Abigail pun menghela napas setelah bercerita dan menunggu reaksi dari Esther.
“Menurutmu, setelah aku berbicara panjang lebar itu, hasilnya hanyalah sebuah
lelucon?” tanya Abigail.
“Benar juga, haha. Kalau begitu… bolehkah ak mengatakan sesuatu kepada mu?”
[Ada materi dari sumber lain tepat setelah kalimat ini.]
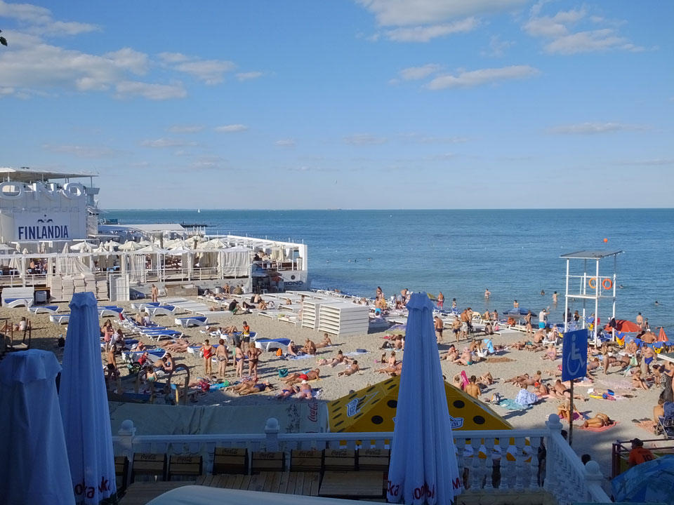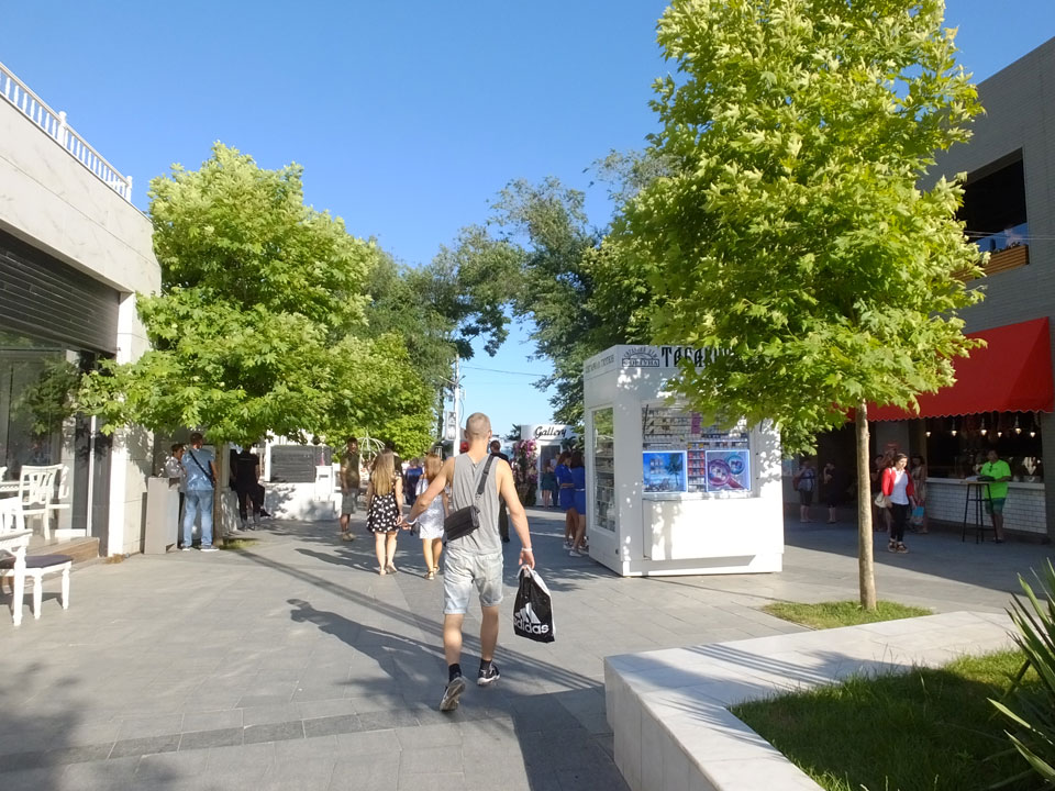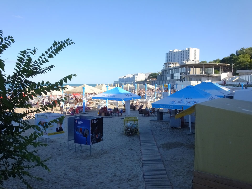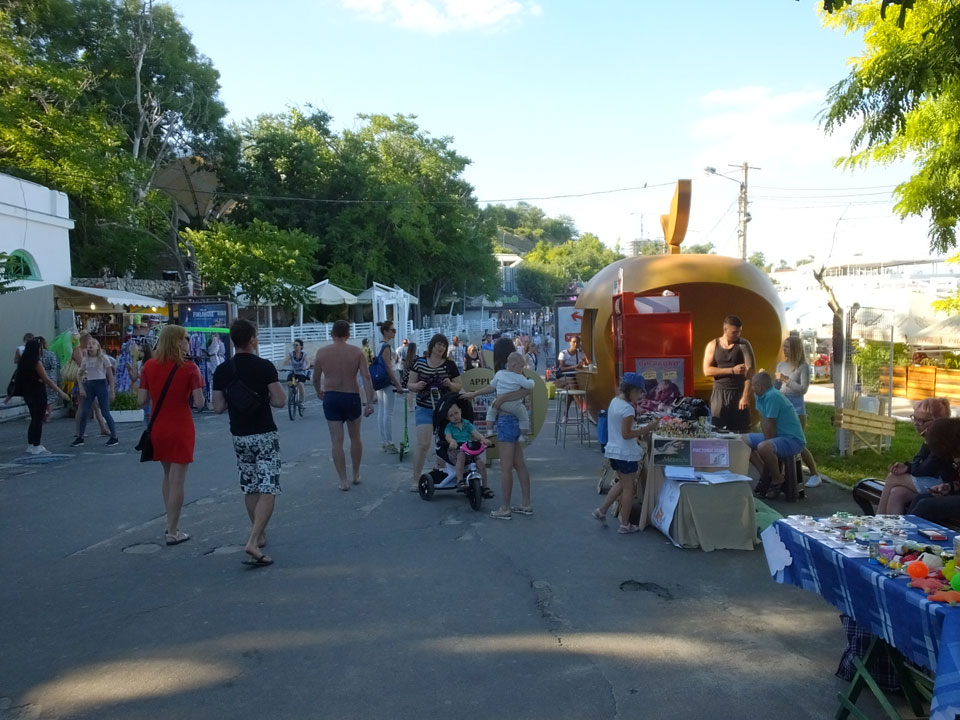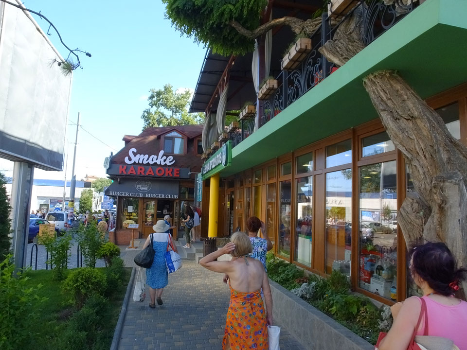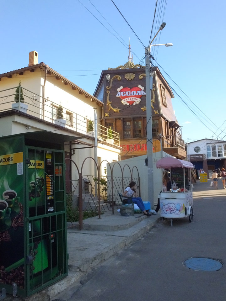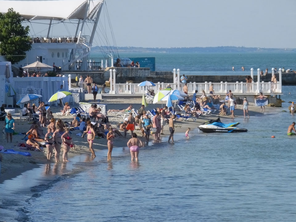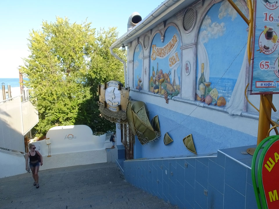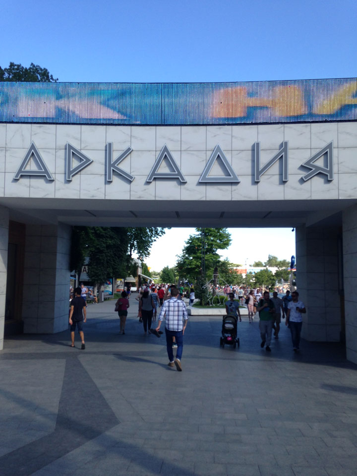 Vom Regen der Nacht war heute nichts mehr zu sehen. Strahlender Sonnenschein. Viele Leute in Odessa Arkadia, neue Läden mit ganz netter Atmosphäre. Die westlichen Touristen sind noch immer rar. Zur Hochsaison war ordentlich Betrieb am Strand.

“Gunakan ini, wajah mu terlihat lucu setelah menangis sebanyak itu,” ucap
Esther.
Suara kecil Abigail yang sedikit terisak membuat Esther sedikit tertawa lalu, ia
kembali menenangkan nya karena rasa bersalah telah membuatnya menangis. Namun, rasa
bangga karena telah membuka hati kecil Abigail ini, ia kembali tersenyum tulus menatap
Abigail.
Abigail mengangguk dan menatap kembali Esther dengan mata bengkak nya, lalu
memukul pelan bahunya.
“Iya.. aku tahu. Karena mulai sekarang, kamu adalah tempat cerita ku.”
Semenjak itu, mereka berteman baik dan berbagi cerita bersama-sama, hingga
terkadang orang yang mencuri perhatiannya melihat Abigail yang awalnya terlihat sangat
pendiam itu,sekarang terlihat lebih ceria ketika bersama dengan Esther yang secara misterius
bisa membuka hati si Abigail. Abigail juga tidak meninggalkan hobinya, menggambar. Esther
terkadang senang mengomentari gambaran Abigail dan Abigail pun terkadang selalu
memperbaikinya sesuai saran Esther.
“Esther?”
Esther menoleh dan memandang Abigail yang memanggil nya dengan intonasi
nada yang lebih lembut dibandingkan ketika mereka masih awal bertemu.
“Hm?”
Siapa sangka, Abigail pun untuk pertama kalinya tersenyum dan menjawab
Esther,
Esther sempat terkejut melihat senyuman Abigail untuk pertama kalinya, namun
ia langsung membalasnya dengan senyuman dan mengangguk seolah-olah mengatakan
‘sama-sama’ kepada Abigail. Mereka pun kembali berjalan bersama-sama, untuk selamanya.